#### Given records:
* * *

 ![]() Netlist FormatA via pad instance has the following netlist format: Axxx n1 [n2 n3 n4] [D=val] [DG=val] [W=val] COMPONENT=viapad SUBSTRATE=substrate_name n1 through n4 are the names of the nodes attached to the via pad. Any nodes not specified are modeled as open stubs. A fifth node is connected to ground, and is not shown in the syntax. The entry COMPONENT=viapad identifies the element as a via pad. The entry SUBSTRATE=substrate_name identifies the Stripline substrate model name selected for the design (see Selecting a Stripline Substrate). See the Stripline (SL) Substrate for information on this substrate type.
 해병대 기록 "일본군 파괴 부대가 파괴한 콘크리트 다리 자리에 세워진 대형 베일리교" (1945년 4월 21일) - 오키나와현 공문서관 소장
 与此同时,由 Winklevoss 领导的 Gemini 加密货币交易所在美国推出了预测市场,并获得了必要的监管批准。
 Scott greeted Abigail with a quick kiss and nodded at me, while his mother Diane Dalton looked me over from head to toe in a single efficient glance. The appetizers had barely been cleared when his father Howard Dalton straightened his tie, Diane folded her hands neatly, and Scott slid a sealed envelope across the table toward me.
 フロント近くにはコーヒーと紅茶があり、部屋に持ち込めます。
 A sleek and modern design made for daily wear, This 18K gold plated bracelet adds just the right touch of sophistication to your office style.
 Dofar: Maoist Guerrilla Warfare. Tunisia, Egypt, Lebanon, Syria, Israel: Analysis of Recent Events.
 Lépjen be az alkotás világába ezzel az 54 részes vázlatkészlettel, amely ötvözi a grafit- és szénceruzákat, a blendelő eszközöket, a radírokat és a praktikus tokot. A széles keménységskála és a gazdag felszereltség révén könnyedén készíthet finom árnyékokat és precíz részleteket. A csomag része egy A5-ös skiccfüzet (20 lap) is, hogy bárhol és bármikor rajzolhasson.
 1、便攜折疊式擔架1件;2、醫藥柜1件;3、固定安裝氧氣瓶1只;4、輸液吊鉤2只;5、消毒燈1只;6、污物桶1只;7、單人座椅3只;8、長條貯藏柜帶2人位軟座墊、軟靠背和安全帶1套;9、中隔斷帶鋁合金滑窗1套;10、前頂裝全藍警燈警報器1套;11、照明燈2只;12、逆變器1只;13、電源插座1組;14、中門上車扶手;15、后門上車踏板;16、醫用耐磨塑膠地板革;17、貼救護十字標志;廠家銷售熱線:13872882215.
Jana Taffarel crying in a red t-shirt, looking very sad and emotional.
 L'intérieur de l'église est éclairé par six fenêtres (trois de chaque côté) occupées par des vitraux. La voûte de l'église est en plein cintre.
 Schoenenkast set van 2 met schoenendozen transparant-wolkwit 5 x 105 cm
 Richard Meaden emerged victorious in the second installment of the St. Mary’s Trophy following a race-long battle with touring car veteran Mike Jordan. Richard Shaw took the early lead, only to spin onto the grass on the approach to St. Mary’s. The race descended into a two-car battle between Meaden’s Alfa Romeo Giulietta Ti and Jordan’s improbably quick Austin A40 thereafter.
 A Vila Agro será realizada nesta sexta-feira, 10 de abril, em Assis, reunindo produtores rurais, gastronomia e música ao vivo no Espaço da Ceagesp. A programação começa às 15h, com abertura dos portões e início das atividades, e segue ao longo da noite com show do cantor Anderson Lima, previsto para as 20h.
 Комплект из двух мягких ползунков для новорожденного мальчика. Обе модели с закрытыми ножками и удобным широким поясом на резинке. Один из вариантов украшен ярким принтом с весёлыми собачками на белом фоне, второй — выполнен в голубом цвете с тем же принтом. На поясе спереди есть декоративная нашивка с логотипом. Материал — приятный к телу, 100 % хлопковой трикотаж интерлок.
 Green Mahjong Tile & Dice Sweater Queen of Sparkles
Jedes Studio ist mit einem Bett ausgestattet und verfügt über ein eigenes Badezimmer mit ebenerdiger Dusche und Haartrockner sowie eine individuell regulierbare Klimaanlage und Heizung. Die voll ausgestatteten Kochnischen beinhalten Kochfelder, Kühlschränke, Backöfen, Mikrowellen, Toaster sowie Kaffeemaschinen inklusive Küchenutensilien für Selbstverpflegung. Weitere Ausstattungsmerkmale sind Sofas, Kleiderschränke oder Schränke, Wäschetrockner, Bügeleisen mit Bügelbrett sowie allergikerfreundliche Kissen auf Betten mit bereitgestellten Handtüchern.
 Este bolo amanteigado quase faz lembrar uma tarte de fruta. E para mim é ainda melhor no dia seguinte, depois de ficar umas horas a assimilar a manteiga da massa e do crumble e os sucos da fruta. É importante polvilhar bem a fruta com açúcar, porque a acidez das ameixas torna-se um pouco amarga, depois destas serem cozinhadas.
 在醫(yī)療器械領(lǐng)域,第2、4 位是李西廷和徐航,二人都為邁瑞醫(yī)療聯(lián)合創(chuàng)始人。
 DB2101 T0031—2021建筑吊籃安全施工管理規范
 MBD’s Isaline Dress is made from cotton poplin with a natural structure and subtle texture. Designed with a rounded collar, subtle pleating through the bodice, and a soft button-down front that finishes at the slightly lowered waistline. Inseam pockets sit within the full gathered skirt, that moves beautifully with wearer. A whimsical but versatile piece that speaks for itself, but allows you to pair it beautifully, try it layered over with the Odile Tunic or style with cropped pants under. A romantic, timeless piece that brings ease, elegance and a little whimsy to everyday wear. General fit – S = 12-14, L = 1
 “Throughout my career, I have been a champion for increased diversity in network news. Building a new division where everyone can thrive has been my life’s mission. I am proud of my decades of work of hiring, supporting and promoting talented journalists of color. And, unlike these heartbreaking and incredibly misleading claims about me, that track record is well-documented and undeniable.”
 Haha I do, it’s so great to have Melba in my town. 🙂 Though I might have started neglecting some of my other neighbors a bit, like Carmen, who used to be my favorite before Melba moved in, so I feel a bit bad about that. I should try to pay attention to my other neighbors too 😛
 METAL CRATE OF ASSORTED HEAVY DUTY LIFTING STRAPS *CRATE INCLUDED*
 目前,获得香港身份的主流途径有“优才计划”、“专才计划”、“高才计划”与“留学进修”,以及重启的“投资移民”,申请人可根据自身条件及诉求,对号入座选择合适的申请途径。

* * *

Word for word, copy every entry.

 ![]() Netlist FormatA via pad instance has the following netlist format: Axxx n1 [n2 n3 n4] [D=val] [DG=val] [W=val] COMPONENT=viapad SUBSTRATE=substrate_name n1 through n4 are the names of the nodes attached to the via pad. Any nodes not specified are modeled as open stubs. A fifth node is connected to ground, and is not shown in the syntax. The entry COMPONENT=viapad identifies the element as a via pad. The entry SUBSTRATE=substrate_name identifies the Stripline substrate model name selected for the design (see Selecting a Stripline Substrate). See the Stripline (SL) Substrate for information on this substrate type.
 해병대 기록 "일본군 파괴 부대가 파괴한 콘크리트 다리 자리에 세워진 대형 베일리교" (1945년 4월 21일) - 오키나와현 공문서관 소장
 与此同时,由 Winklevoss 领导的 Gemini 加密货币交易所在美国推出了预测市场,并获得了必要的监管批准。
 Scott greeted Abigail with a quick kiss and nodded at me, while his mother Diane Dalton looked me over from head to toe in a single efficient glance. The appetizers had barely been cleared when his father Howard Dalton straightened his tie, Diane folded her hands neatly, and Scott slid a sealed envelope across the table toward me.
 フロント近くにはコーヒーと紅茶があり、部屋に持ち込めます。
 A sleek and modern design made for daily wear, This 18K gold plated bracelet adds just the right touch of sophistication to your office style.
 Dofar: Maoist Guerrilla Warfare. Tunisia, Egypt, Lebanon, Syria, Israel: Analysis of Recent Events.
 Lépjen be az alkotás világába ezzel az 54 részes vázlatkészlettel, amely ötvözi a grafit- és szénceruzákat, a blendelő eszközöket, a radírokat és a praktikus tokot. A széles keménységskála és a gazdag felszereltség révén könnyedén készíthet finom árnyékokat és precíz részleteket. A csomag része egy A5-ös skiccfüzet (20 lap) is, hogy bárhol és bármikor rajzolhasson.
 1、便攜折疊式擔架1件;2、醫藥柜1件;3、固定安裝氧氣瓶1只;4、輸液吊鉤2只;5、消毒燈1只;6、污物桶1只;7、單人座椅3只;8、長條貯藏柜帶2人位軟座墊、軟靠背和安全帶1套;9、中隔斷帶鋁合金滑窗1套;10、前頂裝全藍警燈警報器1套;11、照明燈2只;12、逆變器1只;13、電源插座1組;14、中門上車扶手;15、后門上車踏板;16、醫用耐磨塑膠地板革;17、貼救護十字標志;廠家銷售熱線:13872882215.
Jana Taffarel crying in a red t-shirt, looking very sad and emotional.
 L'intérieur de l'église est éclairé par six fenêtres (trois de chaque côté) occupées par des vitraux. La voûte de l'église est en plein cintre.
 Schoenenkast set van 2 met schoenendozen transparant-wolkwit 5 x 105 cm
 Richard Meaden emerged victorious in the second installment of the St. Mary’s Trophy following a race-long battle with touring car veteran Mike Jordan. Richard Shaw took the early lead, only to spin onto the grass on the approach to St. Mary’s. The race descended into a two-car battle between Meaden’s Alfa Romeo Giulietta Ti and Jordan’s improbably quick Austin A40 thereafter.
 A Vila Agro será realizada nesta sexta-feira, 10 de abril, em Assis, reunindo produtores rurais, gastronomia e música ao vivo no Espaço da Ceagesp. A programação começa às 15h, com abertura dos portões e início das atividades, e segue ao longo da noite com show do cantor Anderson Lima, previsto para as 20h.
 Комплект из двух мягких ползунков для новорожденного мальчика. Обе модели с закрытыми ножками и удобным широким поясом на резинке. Один из вариантов украшен ярким принтом с весёлыми собачками на белом фоне, второй — выполнен в голубом цвете с тем же принтом. На поясе спереди есть декоративная нашивка с логотипом. Материал — приятный к телу, 100 % хлопковой трикотаж интерлок.
 Green Mahjong Tile & Dice Sweater Queen of Sparkles
Jedes Studio ist mit einem Bett ausgestattet und verfügt über ein eigenes Badezimmer mit ebenerdiger Dusche und Haartrockner sowie eine individuell regulierbare Klimaanlage und Heizung. Die voll ausgestatteten Kochnischen beinhalten Kochfelder, Kühlschränke, Backöfen, Mikrowellen, Toaster sowie Kaffeemaschinen inklusive Küchenutensilien für Selbstverpflegung. Weitere Ausstattungsmerkmale sind Sofas, Kleiderschränke oder Schränke, Wäschetrockner, Bügeleisen mit Bügelbrett sowie allergikerfreundliche Kissen auf Betten mit bereitgestellten Handtüchern.
 Este bolo amanteigado quase faz lembrar uma tarte de fruta. E para mim é ainda melhor no dia seguinte, depois de ficar umas horas a assimilar a manteiga da massa e do crumble e os sucos da fruta. É importante polvilhar bem a fruta com açúcar, porque a acidez das ameixas torna-se um pouco amarga, depois destas serem cozinhadas.
 在醫(yī)療器械領(lǐng)域,第2、4 位是李西廷和徐航,二人都為邁瑞醫(yī)療聯(lián)合創(chuàng)始人。
 DB2101 T0031—2021建筑吊籃安全施工管理規范
 MBD’s Isaline Dress is made from cotton poplin with a natural structure and subtle texture. Designed with a rounded collar, subtle pleating through the bodice, and a soft button-down front that finishes at the slightly lowered waistline. Inseam pockets sit within the full gathered skirt, that moves beautifully with wearer. A whimsical but versatile piece that speaks for itself, but allows you to pair it beautifully, try it layered over with the Odile Tunic or style with cropped pants under. A romantic, timeless piece that brings ease, elegance and a little whimsy to everyday wear. General fit – S = 12-14, L = 1
 “Throughout my career, I have been a champion for increased diversity in network news. Building a new division where everyone can thrive has been my life’s mission. I am proud of my decades of work of hiring, supporting and promoting talented journalists of color. And, unlike these heartbreaking and incredibly misleading claims about me, that track record is well-documented and undeniable.”
 Haha I do, it’s so great to have Melba in my town. 🙂 Though I might have started neglecting some of my other neighbors a bit, like Carmen, who used to be my favorite before Melba moved in, so I feel a bit bad about that. I should try to pay attention to my other neighbors too 😛
 METAL CRATE OF ASSORTED HEAVY DUTY LIFTING STRAPS *CRATE INCLUDED*
 目前,获得香港身份的主流途径有“优才计划”、“专才计划”、“高才计划”与“留学进修”,以及重启的“投资移民”,申请人可根据自身条件及诉求,对号入座选择合适的申请途径。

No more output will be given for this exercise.